Whenever a line in the listing contains "such", copy that line.

SOURCE INFORMATION:
═══

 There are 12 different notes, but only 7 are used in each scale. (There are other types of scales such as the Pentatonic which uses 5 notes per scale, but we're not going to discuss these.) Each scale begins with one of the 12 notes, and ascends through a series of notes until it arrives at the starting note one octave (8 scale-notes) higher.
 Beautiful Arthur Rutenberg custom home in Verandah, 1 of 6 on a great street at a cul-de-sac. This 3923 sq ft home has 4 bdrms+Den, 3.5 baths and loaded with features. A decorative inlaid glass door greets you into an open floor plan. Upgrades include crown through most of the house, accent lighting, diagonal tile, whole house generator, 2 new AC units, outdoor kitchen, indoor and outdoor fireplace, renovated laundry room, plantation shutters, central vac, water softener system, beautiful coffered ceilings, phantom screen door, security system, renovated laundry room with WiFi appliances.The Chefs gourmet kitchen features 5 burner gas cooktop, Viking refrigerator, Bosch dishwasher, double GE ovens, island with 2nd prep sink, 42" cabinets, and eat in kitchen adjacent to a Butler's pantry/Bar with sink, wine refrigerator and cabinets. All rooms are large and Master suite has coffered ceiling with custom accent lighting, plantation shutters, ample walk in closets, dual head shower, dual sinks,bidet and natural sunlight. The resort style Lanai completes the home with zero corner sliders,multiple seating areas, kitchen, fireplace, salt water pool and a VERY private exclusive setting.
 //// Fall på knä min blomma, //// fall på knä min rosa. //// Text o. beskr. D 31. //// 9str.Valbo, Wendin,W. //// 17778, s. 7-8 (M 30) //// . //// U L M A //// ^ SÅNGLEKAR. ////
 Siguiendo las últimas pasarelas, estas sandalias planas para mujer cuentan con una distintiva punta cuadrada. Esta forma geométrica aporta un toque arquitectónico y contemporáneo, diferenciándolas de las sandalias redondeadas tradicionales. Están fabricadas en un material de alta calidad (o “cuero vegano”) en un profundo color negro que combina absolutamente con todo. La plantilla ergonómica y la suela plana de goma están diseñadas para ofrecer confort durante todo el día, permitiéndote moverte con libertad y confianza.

═══

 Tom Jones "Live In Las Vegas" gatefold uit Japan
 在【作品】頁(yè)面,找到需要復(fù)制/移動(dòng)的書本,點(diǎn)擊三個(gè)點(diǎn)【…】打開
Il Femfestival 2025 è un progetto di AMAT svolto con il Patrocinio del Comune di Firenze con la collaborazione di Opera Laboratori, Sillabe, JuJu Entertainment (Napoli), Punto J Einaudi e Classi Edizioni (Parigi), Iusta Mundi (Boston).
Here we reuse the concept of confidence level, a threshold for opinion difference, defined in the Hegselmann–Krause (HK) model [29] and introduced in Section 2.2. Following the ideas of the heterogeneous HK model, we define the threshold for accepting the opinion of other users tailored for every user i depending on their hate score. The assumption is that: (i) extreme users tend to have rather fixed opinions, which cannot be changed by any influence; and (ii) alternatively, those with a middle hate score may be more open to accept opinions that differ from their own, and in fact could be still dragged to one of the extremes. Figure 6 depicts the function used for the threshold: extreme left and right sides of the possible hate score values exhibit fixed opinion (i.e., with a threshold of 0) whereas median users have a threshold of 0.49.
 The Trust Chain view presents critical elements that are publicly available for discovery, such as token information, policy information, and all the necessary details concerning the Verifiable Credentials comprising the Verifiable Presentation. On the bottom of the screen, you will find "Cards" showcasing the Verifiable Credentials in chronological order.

═══

OUTPUT OF THE EXERCISE:
 There are 12 different notes, but only 7 are used in each scale. (There are other types of scales such as the Pentatonic which uses 5 notes per scale, but we're not going to discuss these.) Each scale begins with one of the 12 notes, and ascends through a series of notes until it arrives at the starting note one octave (8 scale-notes) higher.
 The Trust Chain view presents critical elements that are publicly available for discovery, such as token information, policy information, and all the necessary details concerning the Verifiable Credentials comprising the Verifiable Presentation. On the bottom of the screen, you will find "Cards" showcasing the Verifiable Credentials in chronological order.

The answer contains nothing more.